Other examples include the different current (handwriting) forms,
e. g., a UK "I" is perceived as a "T" by most Germans; the Russian-
Serbian contrast mentioned above is also in current.
> 2. Language tags may be useful for non-display issues.
> 3. Conflict with HTML/XML tags need not be a problem.
> The potential disruption caused by this scenario is probably overstated.
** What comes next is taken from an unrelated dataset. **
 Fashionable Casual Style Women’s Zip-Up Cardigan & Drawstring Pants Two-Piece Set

> Almost every HTML file ever created contains at least one plain-text
> line separator (CR and/or LF) and at least one HTML-style line separator
> (<p> and/or <br>). Which to follow? The HTML specification very
> clearly states that the higher-level protocol takes precedence in this
> case (unless <pre>preformatted text</pre> is explicitly indicated). The
> same could be said for the interaction between Plane 14 language tags
> and HTML language tags.
Other possibilities include a clear rule about their mutual interaction.
Paradigms to follow are
- interaction between Unicode formatting characters, such as U+200E,
U+200F, and U+202A through U+202E, and HTML tagging, such as
the Dir attribute and the Bdo element (cf.
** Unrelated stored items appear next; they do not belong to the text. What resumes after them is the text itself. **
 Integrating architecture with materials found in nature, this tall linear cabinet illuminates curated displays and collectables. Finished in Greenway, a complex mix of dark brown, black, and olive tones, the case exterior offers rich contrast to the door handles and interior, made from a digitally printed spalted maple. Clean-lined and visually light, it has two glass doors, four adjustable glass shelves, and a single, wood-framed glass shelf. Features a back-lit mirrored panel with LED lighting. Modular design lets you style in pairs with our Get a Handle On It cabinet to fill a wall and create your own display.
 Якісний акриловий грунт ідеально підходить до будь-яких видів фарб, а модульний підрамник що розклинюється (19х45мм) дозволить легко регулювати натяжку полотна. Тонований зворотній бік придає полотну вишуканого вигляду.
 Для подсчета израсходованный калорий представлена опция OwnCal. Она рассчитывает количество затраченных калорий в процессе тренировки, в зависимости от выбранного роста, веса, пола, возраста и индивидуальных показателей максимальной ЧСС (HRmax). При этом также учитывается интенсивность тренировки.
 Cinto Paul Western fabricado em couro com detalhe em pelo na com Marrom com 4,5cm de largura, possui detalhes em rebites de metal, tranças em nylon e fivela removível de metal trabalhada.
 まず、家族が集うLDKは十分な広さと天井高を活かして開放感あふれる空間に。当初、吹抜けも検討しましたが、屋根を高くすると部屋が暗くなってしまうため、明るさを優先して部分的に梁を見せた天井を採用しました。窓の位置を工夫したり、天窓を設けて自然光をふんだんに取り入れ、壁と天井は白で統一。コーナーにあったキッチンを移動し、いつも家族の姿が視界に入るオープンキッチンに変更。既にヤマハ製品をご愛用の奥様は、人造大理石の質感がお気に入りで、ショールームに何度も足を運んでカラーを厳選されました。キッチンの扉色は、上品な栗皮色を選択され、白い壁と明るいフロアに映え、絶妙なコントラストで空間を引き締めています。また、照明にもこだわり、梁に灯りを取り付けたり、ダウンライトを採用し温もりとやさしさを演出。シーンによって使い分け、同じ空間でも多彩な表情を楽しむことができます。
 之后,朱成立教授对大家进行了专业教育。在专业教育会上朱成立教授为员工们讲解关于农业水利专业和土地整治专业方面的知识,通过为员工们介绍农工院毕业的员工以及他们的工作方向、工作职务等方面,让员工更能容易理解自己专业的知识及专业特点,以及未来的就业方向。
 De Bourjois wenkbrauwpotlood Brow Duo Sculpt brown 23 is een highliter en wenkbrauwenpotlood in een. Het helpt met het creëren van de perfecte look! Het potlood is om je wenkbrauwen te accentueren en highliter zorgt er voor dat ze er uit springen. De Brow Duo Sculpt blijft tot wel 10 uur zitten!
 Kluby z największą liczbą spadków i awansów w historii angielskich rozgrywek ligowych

- interaction between HTTP arguments and the HTML Meta tag, e. g.,
the HTTP Content-Type, including its charset attribute,
> 4. The original need for language tags has not disappeared.
> 5. “Statefulness” disadvantage is exaggerated.
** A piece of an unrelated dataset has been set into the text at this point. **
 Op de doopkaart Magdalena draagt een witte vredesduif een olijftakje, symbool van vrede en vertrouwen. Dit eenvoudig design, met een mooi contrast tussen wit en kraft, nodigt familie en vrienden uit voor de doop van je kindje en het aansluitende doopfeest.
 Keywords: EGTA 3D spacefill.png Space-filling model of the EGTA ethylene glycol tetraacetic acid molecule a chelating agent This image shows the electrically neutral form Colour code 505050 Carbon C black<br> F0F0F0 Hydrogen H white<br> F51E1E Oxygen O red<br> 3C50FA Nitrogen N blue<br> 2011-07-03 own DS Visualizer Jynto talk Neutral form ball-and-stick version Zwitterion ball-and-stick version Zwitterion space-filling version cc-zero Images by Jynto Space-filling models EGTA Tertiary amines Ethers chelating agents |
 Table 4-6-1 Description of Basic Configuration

> 6. Plane 14 tags are easy to filter out, and harmless if not
> Tags [...] do not affect searching,
There are indeed situations where language tags would affect searching,
if not handled properly.
Example: In my German WWW pages, I take pains to tag all English terms
in the hope to help speech synthesizers, or other clients depending on
the correct identification of the language. Now, German attaches pre-
fixes and suffixes to the word-stems, and also tends to form compounds.
Of course, I have to confine my LANG=EN span to the English word proper.
This leads to monsters such as
... aus den <span lang="en">Received-Header</span>n ...
A search engine should remove these tags before comparing a search argument
to this sort of text. For perfect results, this normalizing should be ap-
plied to HTML tags and Unicode tags, alike. (I fear that Google is not
that smart, but I haven't tested it.)
So the correct argument for Doug's issue #6, the correct argument is
Plane-14 Tags do not affect searching any more than high-level tags do.
> 7. Rapid deprecation creates an image of instability.
> 8. Other, as yet uninvented tags would be implicitly deprecated.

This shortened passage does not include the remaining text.